You are asked to copy the entire listing exactly, apart from its pictures.
[Collected data]
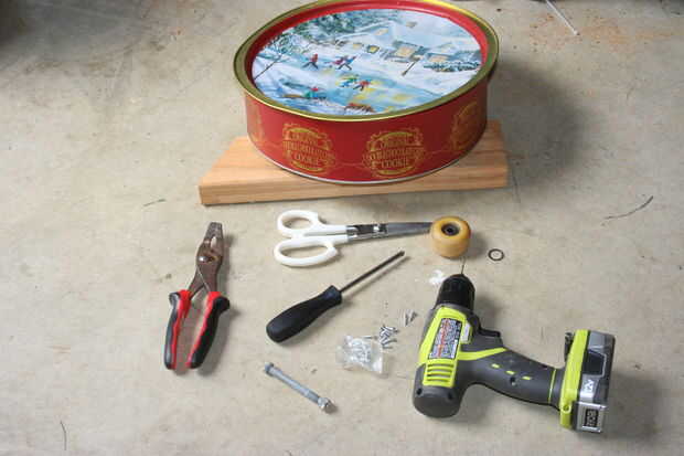 Para crear la rueda de ejercicio.  Se utilizaron una vieja lata de galletas, alicates, taladro, un perno tuerca y 3 1/2", un destornillador, tijeras o alta calidad tijeras una rueda del patín con rodamientos y una arandelas y tornillos.
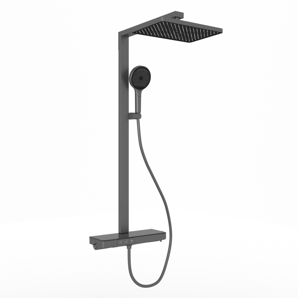 Душевая стойка SANCOS Vos с термостатическим смесителем, изливом, полкой, шлангом 1,5 м, верхним и ручным душем, цвет вороненая сталь, арт. арт-SC6100GG
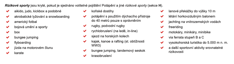 Pro představu přikládáme soupis rizikových sportů, které definuje pojišťovna Colonnade. (Většina pojišťoven totožná). Na tyhle sporty se musíte připojistit. Nepředpokládáme, že jedete do zahraničí primárně s cílem provozovat karate, či judo, ale člověk nikdy neví :D).
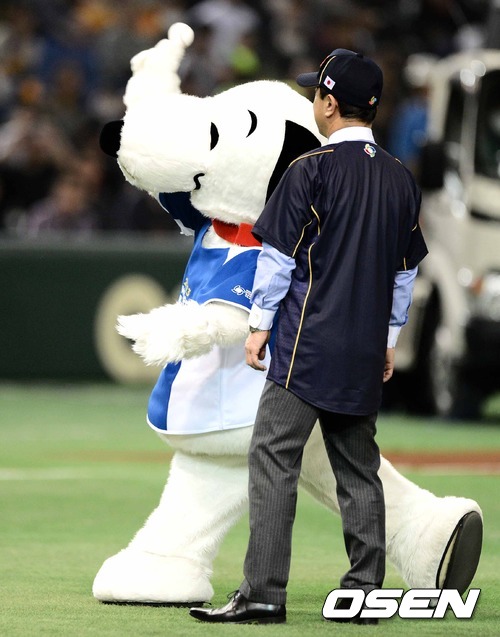 8일 오후 일본 도쿄돔에서 2013 월드베이스볼클래식(WBC) 2라운드 1조 일본과 대만의 경기, 경기에 앞서 애니메이션 캐릭터 스누피가 시구를 하고 있다.
[/Collected data]
§ Exercise answer:
 Para crear la rueda de ejercicio.  Se utilizaron una vieja lata de galletas, alicates, taladro, un perno tuerca y 3 1/2", un destornillador, tijeras o alta calidad tijeras una rueda del patín con rodamientos y una arandelas y tornillos.
 Душевая стойка SANCOS Vos с термостатическим смесителем, изливом, полкой, шлангом 1,5 м, верхним и ручным душем, цвет вороненая сталь, арт. арт-SC6100GG
 Pro představu přikládáme soupis rizikových sportů, které definuje pojišťovna Colonnade. (Většina pojišťoven totožná). Na tyhle sporty se musíte připojistit. Nepředpokládáme, že jedete do zahraničí primárně s cílem provozovat karate, či judo, ale člověk nikdy neví :D).
 8일 오후 일본 도쿄돔에서 2013 월드베이스볼클래식(WBC) 2라운드 1조 일본과 대만의 경기, 경기에 앞서 애니메이션 캐릭터 스누피가 시구를 하고 있다.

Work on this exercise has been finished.